# Justification and Church History



## MichaelLofton (Mar 17, 2011)

Hello Everyone,

I have done a little bit of studying on the topic of Justification in church history. I have found some quotes prior to the reformation that seem to agree with the protestant view of justification. Yet there seems to be an overwhelming amount of quotes in church history prior to the reformation that would seem to favor the Roman Catholic view of justification. Here are a few questions I have and have been wrestling with for a while:

1. If justification is the article upon which the church stands or falls, were the vast majority of churches prior to the reformation apostate? If not, how is justification the article upon which the church stands or falls?

2. If a particular patristic taught doctrine that was contrary to the protestant understanding of justification, does that mean they were not truly saved?

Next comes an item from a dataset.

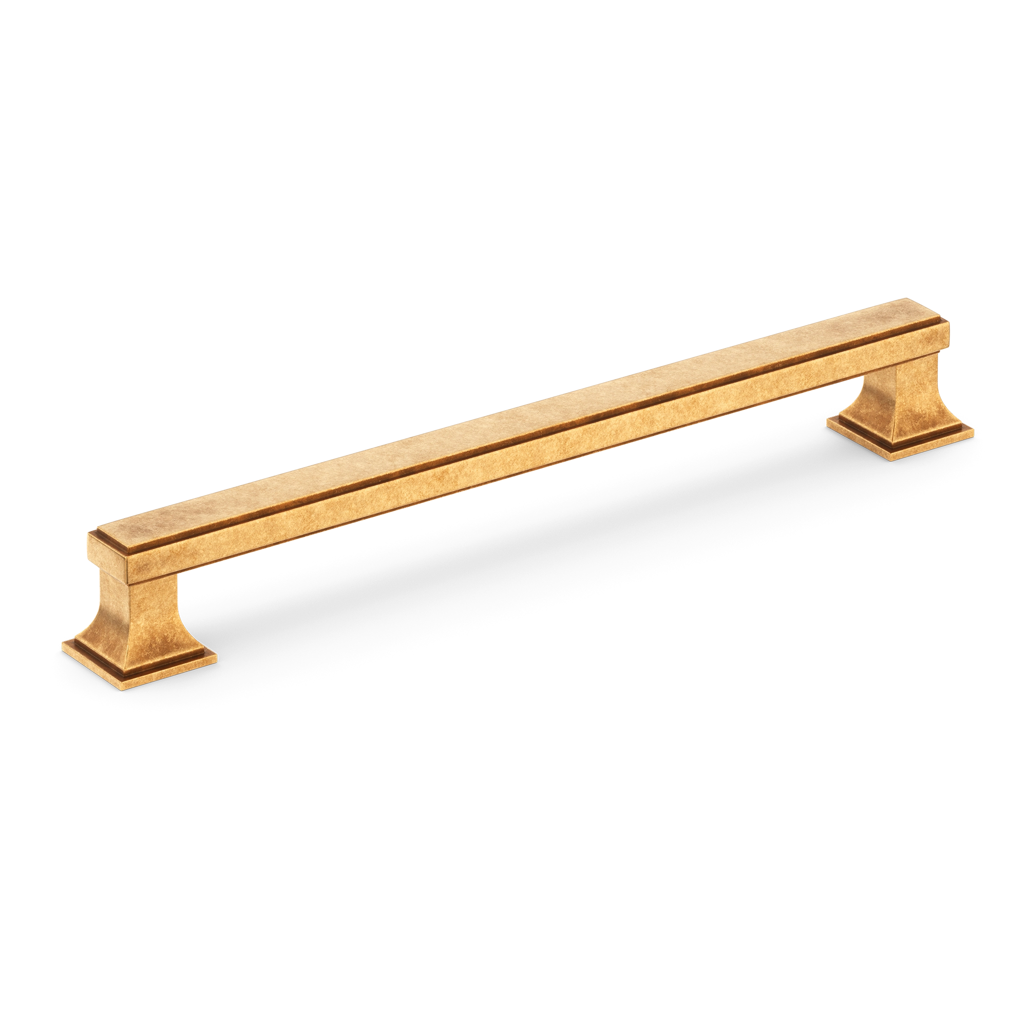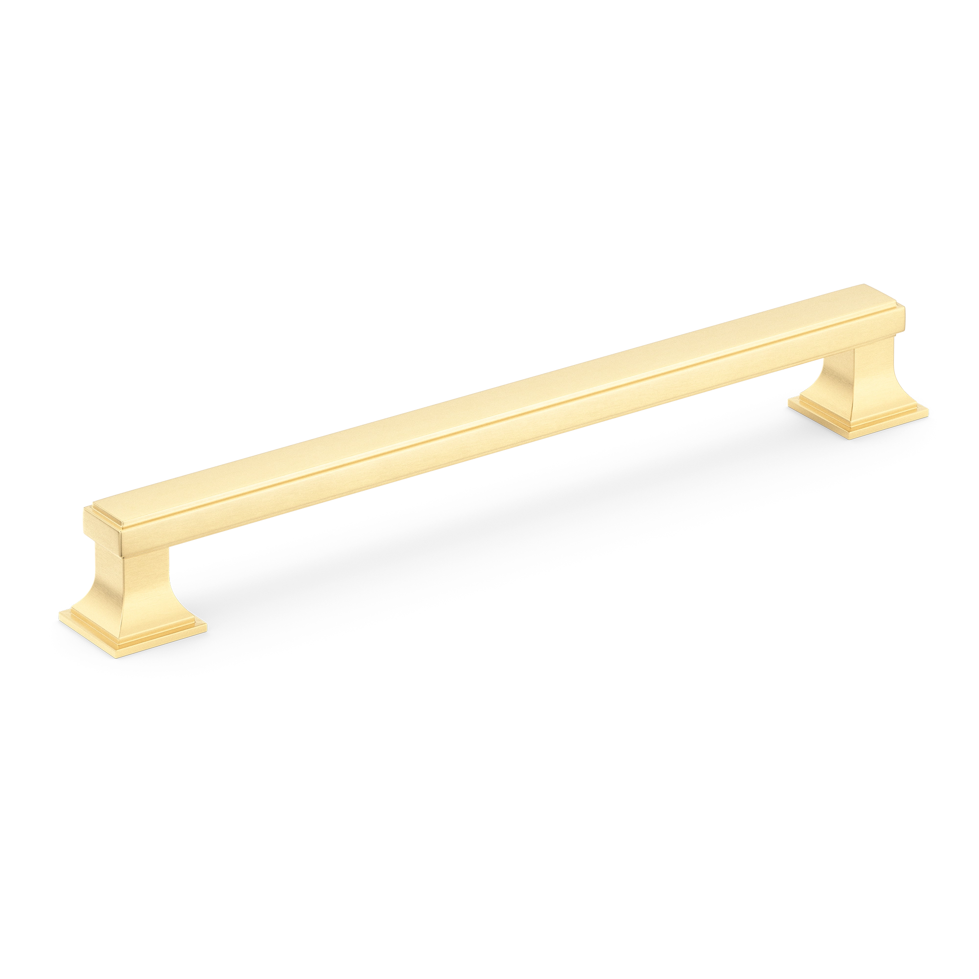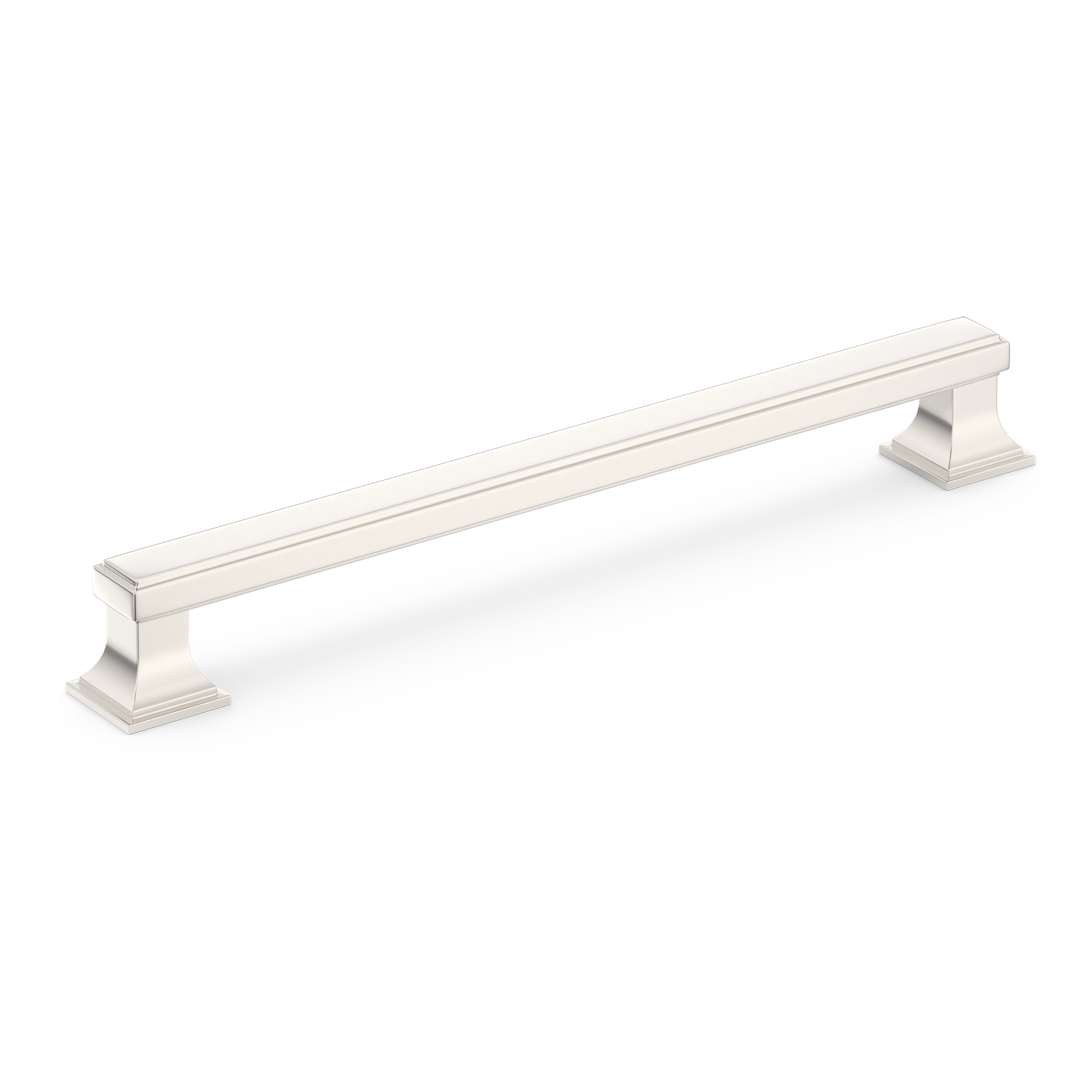 This cabinet/drawer pull is a stylish and functional addition to any furniture. It features a long rectangular central bar with a subtle groove and decorative pedestal – like supports on either end. Made of metal, it comes in various metallic finishes, suitable for kitchen, bedroom, and bathroom cabinetry.

The few people that have answered this question usually say something like "a person is not justified by believing in the doctrine of justification by faith alone" but to me that doesn't answer the question because it doesn't make sense that a person can be justified and truly trusting in Christ as their righteousness, while at the same time affirming that their own merit plays a part in their own justification. This doesn't seem to be truly trusting in Christ. In light of this, can a person who is not trusting in Christ alone be justified by Christ alone?

I do not have an in-depth understanding of church history nor theology in order to sufficiently answer these questions myself so any answers or comments that one wishes to offer would be greatly appreciated.


----------



## louis_jp (Mar 17, 2011)

MichaelLofton said:


> If a particular patristic taught doctrine that was contrary to the protestant understanding of justification



I don't know how thorough your research has been, but I'd be careful about judging a particular ECF's doctrine by various "quotes." One can find quotes in the bible itself that seem to suggest justification by works, but we know the bible doesn't teach that. Unless you've got a systematic teaching on justification from some ECF, I wouldn't be too ready to conclude that they "favor the Roman Catholic view."

It's also important to note that the RC view doesn't stop with what we normally think of as "works righteousness." To be, and remain, justified in the RC you also have to go through the whole sacramental system, not to mention purgatory to work off your remaining sin, and the recognition of the role of Mary in salvation, etc. I guarantee you there is no ECF that subscribes to that whole system of nonsense. Therefore, any question about where the true believers were for most of church history would apply with more force to the church of Rome than it would to the Reformation.


----------



## MichaelLofton (Mar 17, 2011)

louis_jp said:


> MichaelLofton said:
> 
> 
> > If a particular patristic taught doctrine that was contrary to the protestant understanding of justification
> ...


 
Good point. I should probably be more specific in my language than just saying an ECF seems to agree more with Rome on justification. They don't seem to be in lock step with Rome when you consider the entire system and I have noted differences in say Tertullian and his view of penance and the modern Roman Catholic Church's view of penance. I suppose I meant that Rome's view of combining grace and works done in grace seems to occur in many people's theology prior to the reformation and in that sense I mean they seem to usually side with Rome's view rather than the protestant view. I could be wrong and I have a great deal of more studying I need to do to make any kind of definitive decision on the matter.


----------



## Philip (Mar 17, 2011)

MichaelLofton said:


> If justification is the article upon which the church stands or falls, were the vast majority of churches prior to the reformation apostate? If not, how is justification the article upon which the church stands or falls?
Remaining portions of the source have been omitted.